About this task:
Leaving out every picture, transcribe the lines from the line that contains "The colors of" to the end of the entries below, both ends included.

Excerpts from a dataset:
★ ★ ★
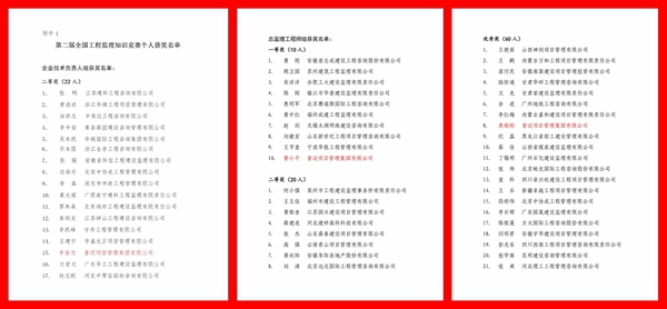 第二屆全國工程監(jiān)理知識競賽獲獎名單公布!普邁榮獲優(yōu)勝單位特別獎!李安忠、曹小平、惠曉剛三位同志斬獲佳績!
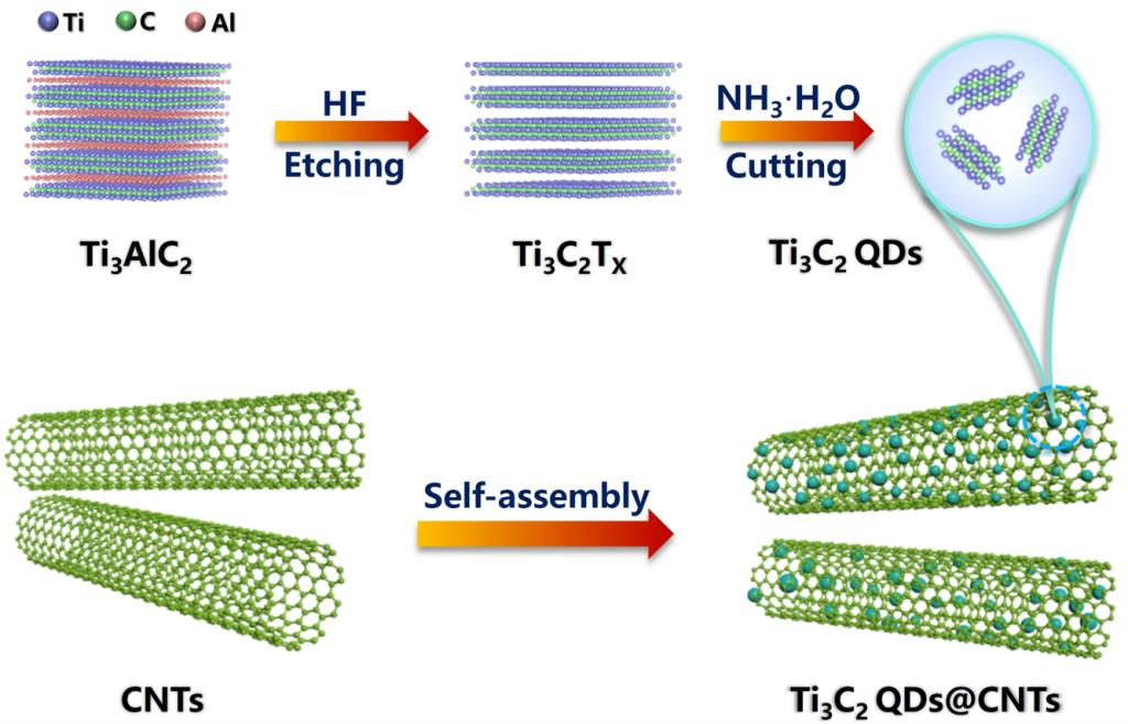 图1:Ti3C2QDs@CNTs复合材料制备示意图
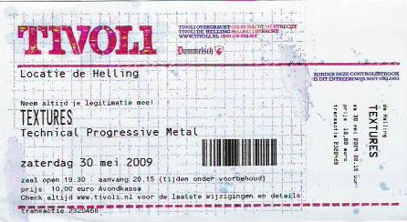 Na een fietsongelukje de dag ervoor wat gehavend met m'n arm in mitella naar een concert van Textures. Dat werd dus achteraan de bar hangen i.p.v. vooraan beuken. Toch was het een geslaagd concert. Fraai Textures shirtje gescoord. De uitsmijter had wat moeite om de twee personen met mitella uit elkaar te houden gezien de vraag "jij was toch al buiten" toen ik naar buiten wilde lopen :-)
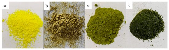 The colors of the raw materials and materials with different doping ratios of MWNTs: (a) KP; (b) KP/MWNTs-a; (c) KP/MWNTs-b; and (d) KP/MWNTs-c.
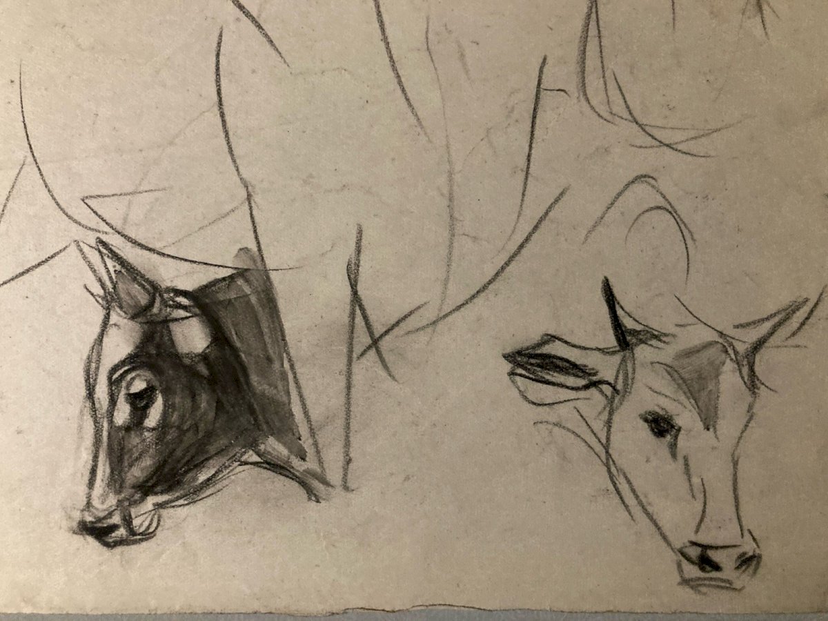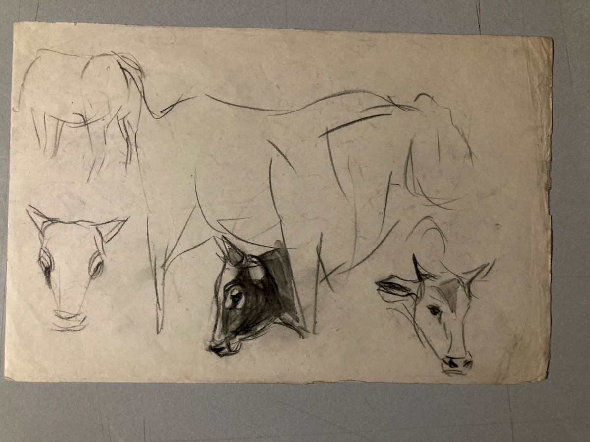 Dessin 1900 Crayon Vache École Américaine Animalier Animal Animaux Art
★ ★ ★
Written reply:
 The colors of the raw materials and materials with different doping ratios of MWNTs: (a) KP; (b) KP/MWNTs-a; (c) KP/MWNTs-b; and (d) KP/MWNTs-c.
 Dessin 1900 Crayon Vache École Américaine Animalier Animal Animaux Art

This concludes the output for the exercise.